A class of histone variants in which we have a long-standing interest mediates chromosome segregation. Centromere-specific histone H3 variants, called cenH3, CENP-A (in mammals), or Cse4 (in yeast), mark the location of the kinetochore, which attaches to microtubules to segregate chromosomes in mitosis and meiosis. We previously showed that cenH3 nucleosomes of budding yeast wrap DNA to form positive supercoils, in contrast to conventional nucleosomes, which form negative supercoils. Later, we precisely characterized this “point” centromeric nucleosome in vitro and in vivo, and contrasted its unique features with those of the “regional” centromeres of fission yeast. In repeat-based centromeres of plants and animals, satellite sequences position cenH3 nucleosomes, so that they are translationally and rotationally phased. Applying new experimental and computational tools, we have elucidated the molecular organization of animal and plant centromeres embedded in homogeneous satellite repeats, which had proven intractable using conventional mapping strategies. Using hierarchical clustering of sequences immunopreciptated by kinetochore proteins of the constitutive centromere-associated network (CCAN), we found that a unique chromatin complex occupies young dimeric α-satellite arrays that dominate functional human centromeres, occupied by CENP-A, CENP-B, CENP-C and CENP-T. Using CUT&RUN.Salt to map the centromere complex to human α-satellite dimers we discovered a surprising diversity of CCAN structures on neighboring dimers that diverged by only ~10%, raising questions about the evolutionary processes that have resulted in such an extraordinary degree of structural diversity at human centromeres.
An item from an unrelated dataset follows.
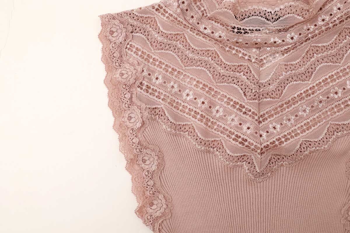 | ※ | インポート商品は日本の検品よりもやや緩く、製造時にやむなくついてしまった小さな線や、入荷時より多少のほつれなどが含まれるものがございます。良品として輸出された商品で、不良品ではございません。尚、レース部分ではなく上に重ね着をすることが多い身頃(リブ)部分です。ご理解、ご了承頂きますようよろしくお願いいたします。 |

Despite the conserved function of centromeres, necessary at every cell division, centromere sequences are not conserved and show a paradoxical diversity in both sequence and organization. This is consistent with the centromere drive model, which predicts that tandem repeats will compete in female meiosis for inclusion in the egg, rather than be lost in polar bodies. If an expanded satellite array can attract more CENP-A nucleosomes, it may become favorably oriented to be passed into the egg. Recent expansions of 5- and 10-bp repeats in Drosophila melanogaster and a 10-bp WW dinucleotide periodicity (W =A or T) in CentO repeats from rice suggest that rotational phasing may stabilize cenH3 nucleosomes against the pulling forces of the spindle in anaphase and thereby favor their own inclusion in the egg.
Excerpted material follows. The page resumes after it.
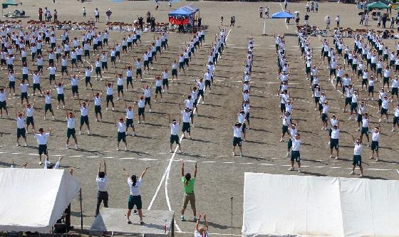 今回の「エピソード2」は「ラジオ体操第1」を紹介します。準備運動として全校生と職員、更に来賓の皆様にも参加していただき元気よく行いました。

Centromeres also appear to be selected for their content of non-B form DNA. Cruciform extrusion is a form of non-B DNA that is promoted by short (<10 bp) dyad symmetries, which are widespread at centromeres throughout the eukaryotic domain, including satellite centromeres of primates, mouse, horse, chicken, stickleback, plants, regional centromeres of fission yeast, and point centromeres of budding yeasts. We have proposed that the 4-way junctions of cruciforms are bound by Holliday junction binding activity of the dedicated CENP-A chaperone HJURP and its Scm3 ortholog in yeast. Given the enrichment of non-B form DNA at centromeres throughout the eukaryotic kingdom, we suggest that this feature of centromeres can provide a basis for centromere specification despite the lack of primary sequence conservation.